After that last run though, I noticed it very hard to get it into gear without really pressing hard on the clutch pedal to get it too barely disengage enough to shift. I guess time for a new clutch set, but does this 6 speed have any adjustment to maybe make it last a bit longer. It doesn't slip any, just the above problem. 

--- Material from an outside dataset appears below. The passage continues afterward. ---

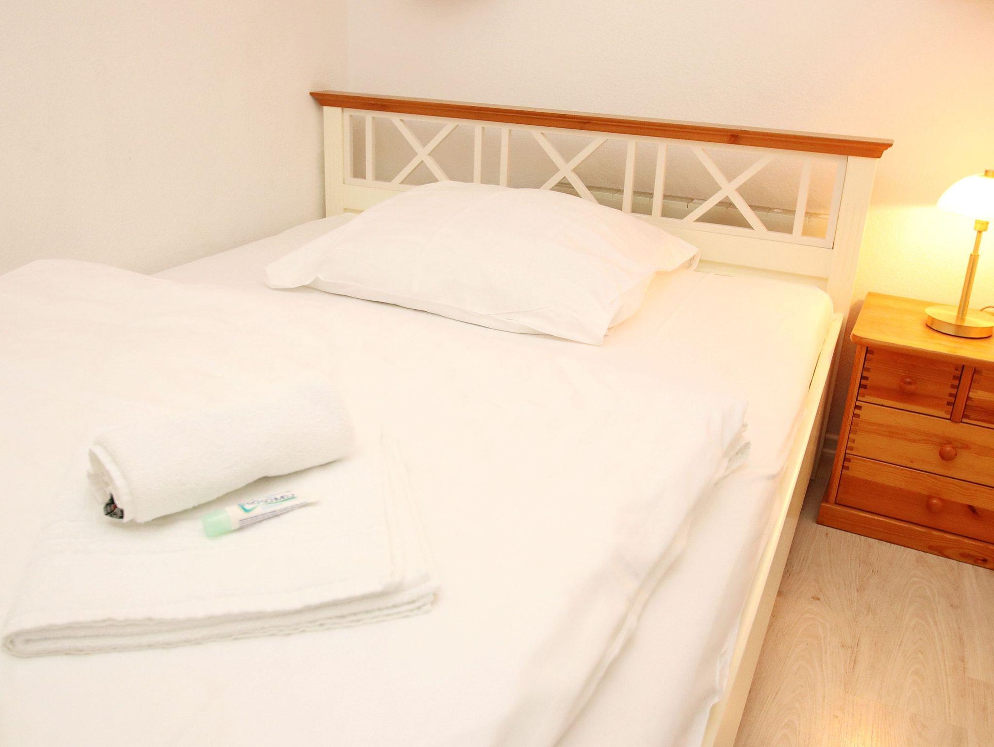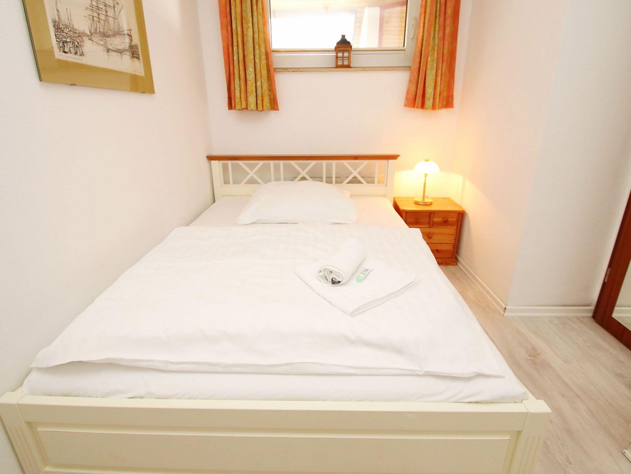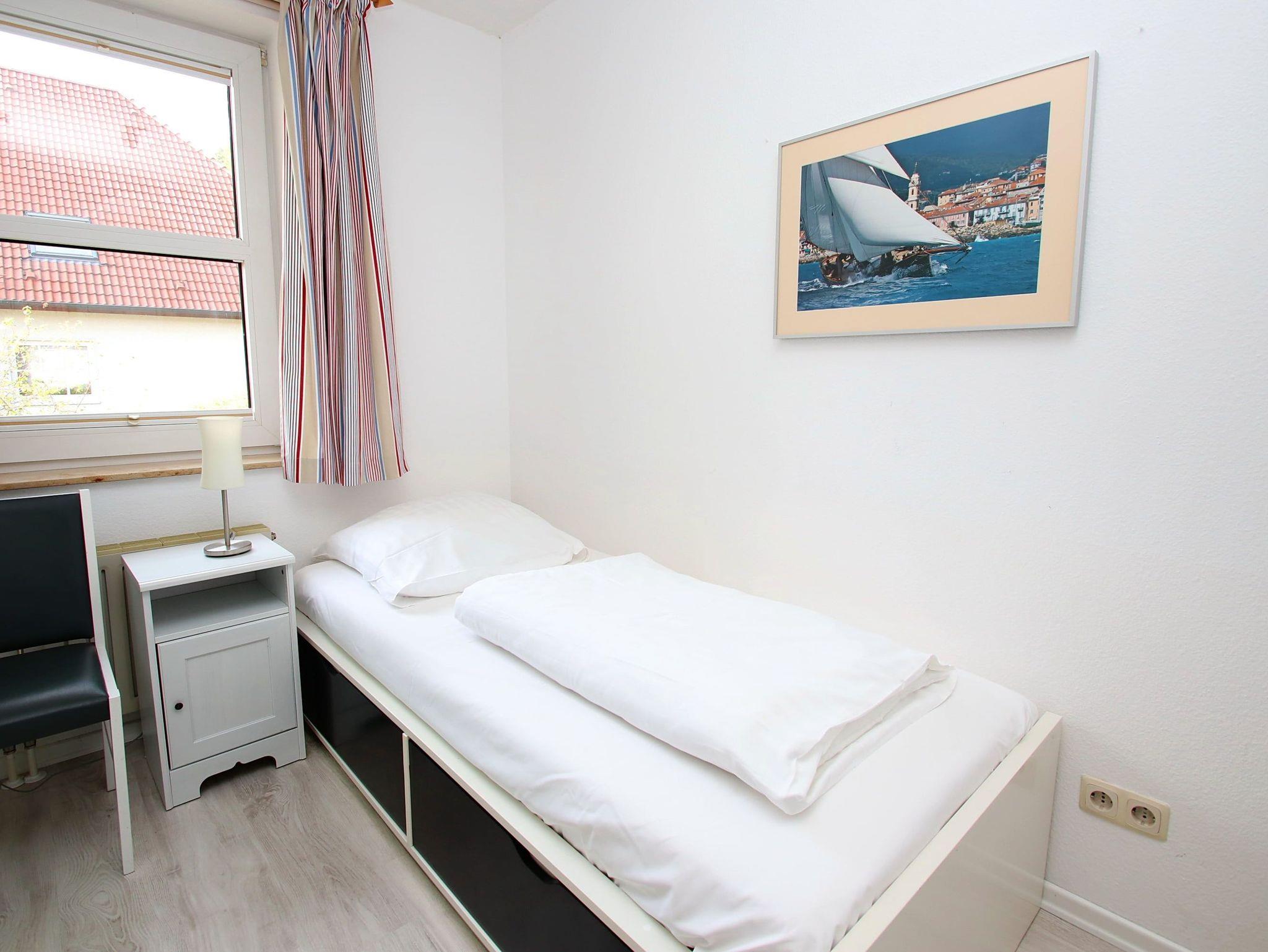 Dieses Appartement besticht mit seiner ruhigen, zentralen und strandnahen Lage in der Kaiserallee. Im Flurbereich, von dem links das Duschbad und rechts das erste Schlafzimmer abgeht, befindet sich ein kleiner und ein etwas größerer Einbauschrank. In dem ersten Schlafzimmer erwartet sie ein bequemes Doppelbett (140 cm x 200 cm) und ein kleiner TV mit DVD-Player. Gerade aus gelangen Sie direkt in den offenen, hellen Wohnbereich, der mit einer gemütlichen dreiteiligen Couchgarnitur, einer Essecke am Fenster und einer modernen Einbauküche ausgestattet ist. Das zweite, vom Wohnbereich abgehende, Schlafzimmer verfügt über ein komfortables Einzelbett (90 cm x 200 cm) und einen Kleiderschrank. Der sonnige Südbalkon lädt zum Verweilen ein.

I have looked around and found different stages of packages, 1, 2, 3 and up to 5, and all seeming to be between $300.00 to around $450.00 without the flywheel, which I don't need. I still want street driveability as I will rarely be going back to the strip, but might on occasion. Is there a package that any of you have used that fits what I am looking for, probably stage 2 or 3, that you are happy with? And maybe a better price?

Thanks for any advice.

Russ

I have this in the drivetrain section too, but thought I would try here too.


----------



## Rukee (Feb 8, 2007)

Swap out the fluid in the master cyl and bleed out the clutch system.


----------



## rnoswal (Dec 2, 2007)

you think it might have boiled or leaked...just curious as to why you would advise that.


----------



## svede1212 (Nov 1, 2005)

Our clutch system is self adjusting. It's hydraulic just like your brakes. As it wears the lines just fill with more fluid to keep everything the same. It does sound like your fluid either boiled or has air in the system. A good flush and bleeding will help.


----------



## GM4life (Mar 18, 2007)

Rukee said:


> Swap out the fluid in the master cyl and bleed out the clutch system.





svede1212 said:


> Our clutch system is self adjusting. It's hydraulic just like your brakes. As it wears the lines just fill with more fluid to keep everything the same. It does sound like your fluid either boiled or has air in the system. A good flush and bleeding will help.


:agree
Our clutch systems are known to get clutch dust into the system via the slave also.


----------



## rnoswal (Dec 2, 2007)

Disc gone, flywheel pads pretty shot too...a preplacement clutch on the way along with the 4 pads on the flywheel....very abused clutch.

Thanks


----------